Tonight Zach and I went to a birthday celebration for a friend of ours at a wine bar in Geneva. It's an intimate place with a non-smoking room (which was where we would be) so we brought D along with us (making sure to check with the birthday girl's husband, who organized everything, first to make sure that was ok). It's nice to get out with the baby, knowing that parenthood isn't necessarily a jail sentence keeping you home every night.
When we arrived I looked around at some of my girl friends who were there, dressed up in their cute outfits and makeup, and I felt a pang as I realized I'd forgotten to put lipgloss on before heading out the door. I suddenly missed Life Before Baby, when I had the time to dress up and plan my outfit and do fun makeup before an evening out, and when I could socialize around the room without feeling the need to remain in close physical proximity to my child in case he started crying... and when I could have more than a single glass of wine in an evening. I had my camera tucked into my diaper bag and I thought about getting some pictures with the girls, but I knew I felt tired which probably meant that I looked tired, and didn't necessarily want that documented in pictures.
But then, then there were the mothers with children a bit older, who immediately swooned over Donovan.

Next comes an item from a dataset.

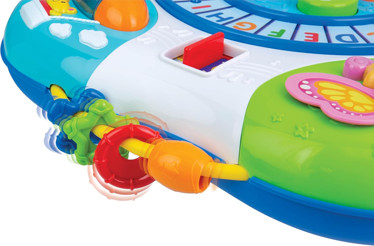 Product Description Learn Colors, Shapes, Animals and More from this Activity Table. Push the Train along the Alphabet Track to Sing Along with the Alphabet Song. Use 5 Note Keyboard with Flashing Lights to Create Music. Many Sound Effects and Activities to Build Motor Skills. From the Manufacturer Letter train and piano activity table has detachable legs so floor play is anoption. The alphabet table has simple learning and play activities tokeep baby occupied and learning. The push train circles the alpabet letters. The 5 note piano board has flashing lights. The train whistle, gearshift, spinner, sliding bee and flapping butterfly offer fun sound effects.

Who were eager to hold him and gaze at him, and wonder how it happened that these early times with their own children went by so quickly, and I made a mental note-to-self to enjoy every minute with D now because these first 6 (almost 7!) weeks have already flown by, and I know that in the blink of an eye I'll be that mother with her nearly-grown children at a party, gazing at another overwhelmed, tired mother's newborn, wondering where that time went when my own babies were babies.